92 Wash. 437 | Wash. | 1916

Bausman, J.

Plaintiff in crossing a street was struck by Laflam’s jitney, for the safe operation of which the defendant casualty company had become surety under Laws 1915, page 227 (Rem. 1915 Code, § 5562-37). By that act a surety becomes j ointly and directly liable with the principal to the extent of the penal sum, and only one cause of action was stated here when the two were sued jointly though the limit of the bond was prayed for against the surety and more from the principal. A motion for separation of causes of action was ill taken.

A verdict being rendered for plaintiff, an error is assigned in the court’s instructing the jury that they might include damages for such pain and suffering as under the evidence plaintiff might be reasonably expected to endure in the future.

Future pain or suffering is not an allegation of the complaint, which, however, states such shocking, spraining, straining, and tearing of cords, tendons, nerves, and muscles in a leg as causes extreme pain and suffering and permanently cripples plaintiff.
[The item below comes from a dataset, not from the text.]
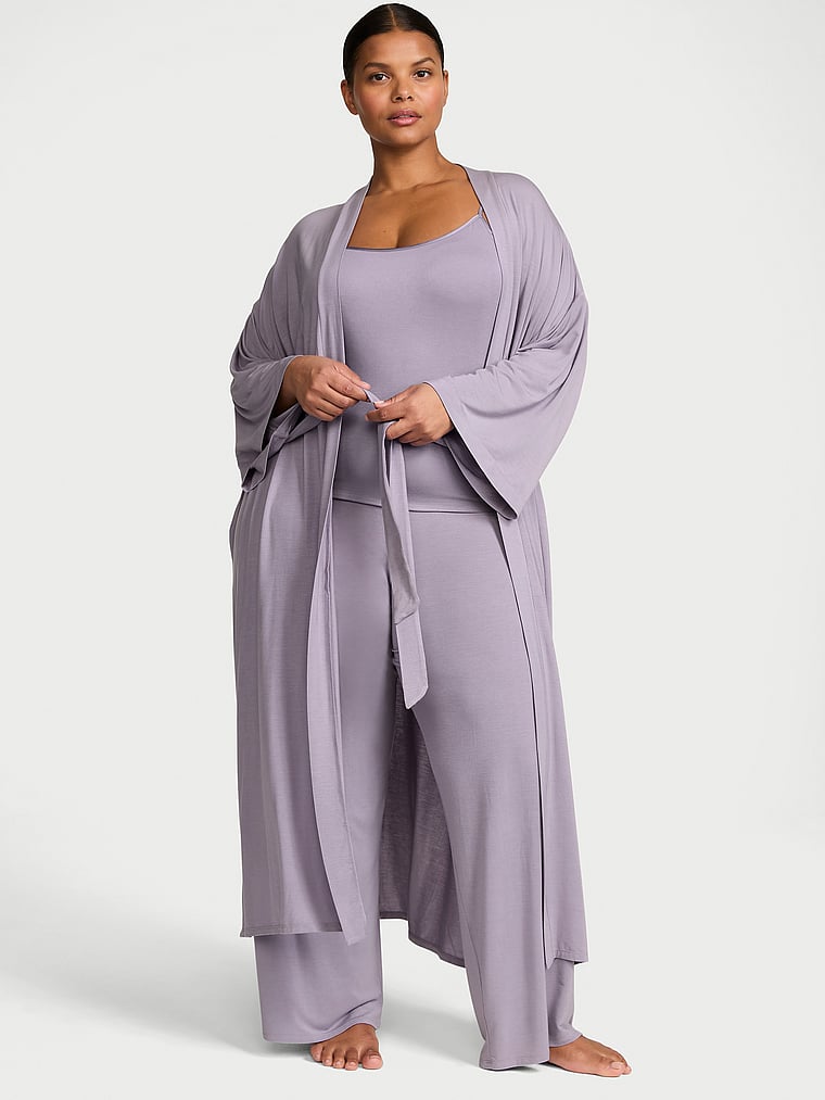We've upgraded your downtime with this easy modal set. Featuring a long robe with self-tie waist, a comfy cami, and matching pants.

The proof relates a continuous suffering since the accident aggravated whenever plaintiff puts any weight upon his leg, besides constant experiencing of pain and a probability that at plaintiff’s age of fifty-nine the limb will never heal and be as strong as before. Conceding all this, appellants contend that it does not make future pain recoverable, relying upon Bennett v. Oregon-Washington R. Nav. Co., 83 Wash. 64, 145 Pac. 62. That is a case in which is involved not future pain and suffering but future mental anguish, the latter a distinctly different element though at times, to be sure, coming out of the former. The law presumes a continuance of what exists, and it is neither surprise to the opposite party nor unreasonable from any point of view to say that when a man exhibiting a permanent injury testifies also to his having pain up to the very time he is talking to the jury, there may be a continu*439anee of it for some time in the future, so no express proof upon that is necessary. Passage v. Stimson Mill Co., 52 Wash. 661, 670, 101 Pac. 239. In the Bennett case mental anguish was not an existing condition, the court carefully noting the fact that “there is no evidence tending to show any mental anguish or anything other than the pain and suffering naturally incident to an injury like the one complained of.” That was what the Bennett case turned upon. As to pain or suffering, that the court did not exclude as a' future element, permitting it on the contrary “when the jury can find from a preponderance of the evidence that future pain and suffering is reasonably certain to result,” which language we deem conformed to here in “reasonably expected.” Harris v. Brown’s Bay Logging Co., 57 Wash. 8, 106 Pac. 152, explaining Ongaro v. Twohy, 49 Wash. 93, 94 Pac. 916.

We find no other points requiring discussion, and the judgment is affirmed. .

Morris, C. J., Main, Parker, and Fullerton, JJ., concur.